When US organization Children and Screens: Institute of Digital Media and Child Development convened over 100 global experts (scholars, educators, care providers, and leaders from youth- and family-serving organizations) for its invitation-only retreat—Character Matters: Values and Resilience in the Digital Age— it underscored a critical truth: in a rapidly evolving digital world, empathy is not optional. It is foundational.
Mary Gordon’s participation brought a vital perspective that will also be captured in a public 4-part webinar series to be released in Fall 2026. Grounded in decades of evidence, empathy must be intentionally nurtured not only in children, but in the systems, relationships, and environments that shape them.
Empathy Begins in Relationship—Especially in a Digital Age
A central theme of the retreat was clear: children develop values through relationships, not screens.
Mary emphasized that empathy is not taught – it is caught.
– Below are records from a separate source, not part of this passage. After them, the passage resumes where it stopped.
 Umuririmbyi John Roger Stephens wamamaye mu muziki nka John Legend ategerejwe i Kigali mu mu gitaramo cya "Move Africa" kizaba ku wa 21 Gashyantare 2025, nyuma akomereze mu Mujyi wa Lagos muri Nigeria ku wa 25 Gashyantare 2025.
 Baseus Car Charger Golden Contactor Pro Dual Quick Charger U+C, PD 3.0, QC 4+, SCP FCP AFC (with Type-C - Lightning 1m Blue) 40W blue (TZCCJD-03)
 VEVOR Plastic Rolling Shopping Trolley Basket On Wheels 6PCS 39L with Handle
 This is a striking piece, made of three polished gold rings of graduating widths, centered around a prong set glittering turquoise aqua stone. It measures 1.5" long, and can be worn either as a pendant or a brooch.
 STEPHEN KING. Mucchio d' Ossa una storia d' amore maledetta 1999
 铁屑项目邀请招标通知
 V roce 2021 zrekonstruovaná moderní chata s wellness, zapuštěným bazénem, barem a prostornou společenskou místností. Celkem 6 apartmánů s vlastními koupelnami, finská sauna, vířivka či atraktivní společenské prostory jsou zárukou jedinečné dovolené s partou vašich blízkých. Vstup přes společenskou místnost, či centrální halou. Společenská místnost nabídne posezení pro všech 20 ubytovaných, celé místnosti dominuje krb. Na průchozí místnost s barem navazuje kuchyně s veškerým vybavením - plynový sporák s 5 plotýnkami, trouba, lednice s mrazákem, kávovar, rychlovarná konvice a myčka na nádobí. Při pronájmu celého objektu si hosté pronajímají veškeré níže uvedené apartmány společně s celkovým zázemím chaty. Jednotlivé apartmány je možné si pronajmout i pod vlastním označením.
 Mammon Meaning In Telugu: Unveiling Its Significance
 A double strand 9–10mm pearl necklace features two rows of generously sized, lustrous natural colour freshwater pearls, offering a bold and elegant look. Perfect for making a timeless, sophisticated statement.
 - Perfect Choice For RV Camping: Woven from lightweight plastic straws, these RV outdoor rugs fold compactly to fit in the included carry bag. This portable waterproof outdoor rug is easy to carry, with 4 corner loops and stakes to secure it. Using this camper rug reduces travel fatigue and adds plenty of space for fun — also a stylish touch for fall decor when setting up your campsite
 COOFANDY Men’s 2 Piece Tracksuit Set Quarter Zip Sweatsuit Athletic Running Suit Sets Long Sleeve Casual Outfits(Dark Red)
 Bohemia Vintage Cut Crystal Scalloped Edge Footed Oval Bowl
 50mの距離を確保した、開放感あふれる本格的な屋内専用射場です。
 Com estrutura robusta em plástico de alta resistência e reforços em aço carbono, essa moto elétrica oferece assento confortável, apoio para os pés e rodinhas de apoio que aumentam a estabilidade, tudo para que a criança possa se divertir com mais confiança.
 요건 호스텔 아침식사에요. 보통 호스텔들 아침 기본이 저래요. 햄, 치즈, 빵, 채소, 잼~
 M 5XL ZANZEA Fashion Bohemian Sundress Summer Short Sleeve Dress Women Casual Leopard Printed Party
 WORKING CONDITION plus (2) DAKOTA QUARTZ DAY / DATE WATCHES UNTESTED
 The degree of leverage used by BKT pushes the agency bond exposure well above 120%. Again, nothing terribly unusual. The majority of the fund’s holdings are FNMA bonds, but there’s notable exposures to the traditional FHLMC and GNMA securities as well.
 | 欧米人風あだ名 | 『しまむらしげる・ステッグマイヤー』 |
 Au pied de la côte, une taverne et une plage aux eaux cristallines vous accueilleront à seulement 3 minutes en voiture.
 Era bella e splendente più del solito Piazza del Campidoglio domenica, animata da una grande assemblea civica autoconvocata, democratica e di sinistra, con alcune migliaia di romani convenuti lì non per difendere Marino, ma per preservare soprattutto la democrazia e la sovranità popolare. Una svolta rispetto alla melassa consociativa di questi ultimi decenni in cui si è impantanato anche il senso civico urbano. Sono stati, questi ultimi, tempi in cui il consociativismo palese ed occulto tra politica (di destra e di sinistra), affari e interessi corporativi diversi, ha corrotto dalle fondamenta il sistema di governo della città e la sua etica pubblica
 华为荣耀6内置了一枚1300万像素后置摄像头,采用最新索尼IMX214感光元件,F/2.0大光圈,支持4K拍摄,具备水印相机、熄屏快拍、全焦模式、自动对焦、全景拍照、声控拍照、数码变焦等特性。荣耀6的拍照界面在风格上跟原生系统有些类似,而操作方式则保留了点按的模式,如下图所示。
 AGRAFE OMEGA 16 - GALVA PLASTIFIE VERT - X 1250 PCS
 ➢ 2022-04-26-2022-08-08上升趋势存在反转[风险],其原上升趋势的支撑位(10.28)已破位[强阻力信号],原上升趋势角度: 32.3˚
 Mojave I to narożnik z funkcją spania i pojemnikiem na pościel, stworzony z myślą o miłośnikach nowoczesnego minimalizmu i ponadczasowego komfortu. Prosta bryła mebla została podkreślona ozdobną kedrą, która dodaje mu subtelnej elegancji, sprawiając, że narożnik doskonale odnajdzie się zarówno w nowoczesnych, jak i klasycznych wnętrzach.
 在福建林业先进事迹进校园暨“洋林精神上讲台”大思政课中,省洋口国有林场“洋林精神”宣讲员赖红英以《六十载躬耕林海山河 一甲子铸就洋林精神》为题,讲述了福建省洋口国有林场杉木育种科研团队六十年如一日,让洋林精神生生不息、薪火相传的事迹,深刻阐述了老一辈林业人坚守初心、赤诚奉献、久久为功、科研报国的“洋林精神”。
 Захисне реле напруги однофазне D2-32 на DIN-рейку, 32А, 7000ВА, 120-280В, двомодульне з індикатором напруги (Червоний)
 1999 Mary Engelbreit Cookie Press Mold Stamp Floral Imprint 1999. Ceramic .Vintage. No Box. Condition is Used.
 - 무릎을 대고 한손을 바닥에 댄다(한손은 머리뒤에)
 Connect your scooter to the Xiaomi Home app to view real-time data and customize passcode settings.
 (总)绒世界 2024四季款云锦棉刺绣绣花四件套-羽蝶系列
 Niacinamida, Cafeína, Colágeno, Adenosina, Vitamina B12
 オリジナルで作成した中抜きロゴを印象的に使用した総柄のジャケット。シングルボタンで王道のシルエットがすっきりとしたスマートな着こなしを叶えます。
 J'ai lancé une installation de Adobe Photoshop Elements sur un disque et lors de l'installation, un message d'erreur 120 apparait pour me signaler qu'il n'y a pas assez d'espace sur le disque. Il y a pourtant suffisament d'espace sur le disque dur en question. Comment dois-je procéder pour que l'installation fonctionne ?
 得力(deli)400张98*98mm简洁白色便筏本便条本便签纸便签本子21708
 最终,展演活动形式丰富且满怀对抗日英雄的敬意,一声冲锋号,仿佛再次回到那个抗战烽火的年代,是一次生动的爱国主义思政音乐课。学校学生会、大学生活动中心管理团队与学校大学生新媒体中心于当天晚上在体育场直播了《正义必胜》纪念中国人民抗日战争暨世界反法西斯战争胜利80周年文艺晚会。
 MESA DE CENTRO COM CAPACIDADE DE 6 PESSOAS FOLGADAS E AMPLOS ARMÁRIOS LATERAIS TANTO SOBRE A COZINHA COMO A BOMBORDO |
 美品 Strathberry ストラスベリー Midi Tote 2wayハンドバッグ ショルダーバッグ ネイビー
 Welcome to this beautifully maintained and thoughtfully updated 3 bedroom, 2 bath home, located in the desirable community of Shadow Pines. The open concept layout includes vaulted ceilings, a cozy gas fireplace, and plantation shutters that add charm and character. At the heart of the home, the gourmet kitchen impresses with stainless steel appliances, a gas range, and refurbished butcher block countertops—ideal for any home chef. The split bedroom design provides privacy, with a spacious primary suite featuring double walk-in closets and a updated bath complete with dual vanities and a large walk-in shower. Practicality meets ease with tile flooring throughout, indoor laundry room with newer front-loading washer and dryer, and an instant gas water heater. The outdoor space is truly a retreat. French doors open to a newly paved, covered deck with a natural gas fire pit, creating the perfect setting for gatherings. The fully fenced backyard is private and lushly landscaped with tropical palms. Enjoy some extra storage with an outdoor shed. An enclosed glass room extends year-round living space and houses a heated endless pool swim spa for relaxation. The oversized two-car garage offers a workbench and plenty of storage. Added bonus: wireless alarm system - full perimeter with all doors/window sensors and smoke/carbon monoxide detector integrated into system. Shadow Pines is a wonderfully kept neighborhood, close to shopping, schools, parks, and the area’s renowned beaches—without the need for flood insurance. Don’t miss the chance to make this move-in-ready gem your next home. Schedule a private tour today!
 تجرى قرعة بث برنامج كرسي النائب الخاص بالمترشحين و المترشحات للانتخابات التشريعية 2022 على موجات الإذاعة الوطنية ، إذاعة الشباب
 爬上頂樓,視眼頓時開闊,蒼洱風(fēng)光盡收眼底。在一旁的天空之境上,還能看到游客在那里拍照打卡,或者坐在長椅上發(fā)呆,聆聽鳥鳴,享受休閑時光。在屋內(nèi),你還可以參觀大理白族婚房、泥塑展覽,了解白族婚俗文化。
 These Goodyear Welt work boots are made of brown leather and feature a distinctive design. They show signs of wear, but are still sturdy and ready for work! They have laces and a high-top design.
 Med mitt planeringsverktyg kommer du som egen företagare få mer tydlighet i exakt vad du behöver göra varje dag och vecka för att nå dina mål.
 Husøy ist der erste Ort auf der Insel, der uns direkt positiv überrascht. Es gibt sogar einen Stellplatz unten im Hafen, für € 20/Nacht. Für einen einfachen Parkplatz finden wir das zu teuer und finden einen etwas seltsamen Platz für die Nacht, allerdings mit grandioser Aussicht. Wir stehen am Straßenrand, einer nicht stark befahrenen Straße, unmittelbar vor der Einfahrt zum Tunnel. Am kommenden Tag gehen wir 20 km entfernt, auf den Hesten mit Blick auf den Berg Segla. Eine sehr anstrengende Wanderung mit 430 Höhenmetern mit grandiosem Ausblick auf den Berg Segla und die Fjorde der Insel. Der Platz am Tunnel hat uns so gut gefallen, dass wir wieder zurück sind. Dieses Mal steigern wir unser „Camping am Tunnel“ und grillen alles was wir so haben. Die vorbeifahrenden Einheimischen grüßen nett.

Children experience through attuned human connection. This has profound implications today, particularly as:
- Technology competes for attention between parents and children
- A generation raised on devices is now becoming parents themselves
- Early relational moments—the building blocks of empathy—are increasingly disrupted
Roots of Empathy and Seeds of Empathy directly respond to this challenge. They not only develop empathy in children, but also model for educators and caregivers how to:
- Be fully present in relationships
- Practice empathic listening without assumptions, without judgment
- Help children name and understand emotions, and develop empathy through reflection and practice
The message is simple but urgent: children need human connection to develop empathy—and adults need support to model and provide it.
The Double-Edged Nature of Digital Technology
The retreat also highlighted a more nuanced reality: digital environments are not inherently harmful—but they are not neutral.
- Technology can expand empathy by exposing children to diverse perspectives and experiences
- But it can also undermine empathy, particularly when design prioritizes engagement over well-being
Many digital platforms are intentionally built to:
- Maximize attention through features like endless scrolling
- Reinforce impulse over self-regulation
- Enable interactions that lack real-time emotional feedback—making it harder for children to understand the impact of their actions
As discussed, this can create a “perfect storm” where empathy is diminished rather than strengthened. Mary was clear in her guidance:
- Children 18 months and younger should have no exposure to screens
- When media is introduced, it should be shared with a caregiver, who helps interpret and humanize the experience
This is where Roots of Empathy’s approach is especially relevant—centering relationship, emotional literacy, and real human interaction as the foundation for healthy development.
Reclaiming What We Value: From Achievement to Caring
Another powerful thread that Mary sewed in the retreat was the need to rebalance what we prioritize for children.
In a culture that often emphasizes achievement and competition, empathy can be sidelined. Yet the development of intrinsic motivation and intrinsic pride—rather than external validation—is essential for moral and emotional growth.
Roots of Empathy reinforces this by helping children:
- Understand their own feelings and identity
- Develop intrinsic motivation, rather than becoming dependent on praise or comparison
- Expand their circle of care to include others—especially those who are different from them
This shift—from performance to purpose, from competition to connection—is central to building caring, peaceful, and civil societies.
Scaling Impact Through the Empathy Movement
Roots of Empathy:
- Develops empathy directly in children through classroom programs
- Engages global leaders, researchers, and institutions to embed empathy into policies, practices, and design
Because when empathy shapes not only individuals—but the environments around them—the impact is deeper and more enduring
Child by Child—and System by System
- Building empathy in children, and
- Shaping the world those children grow up in
In a digital age that is redefining how children connect, learn, and see themselves, this work has never been more urgent.
This is how we change the world—child by child, and system by system.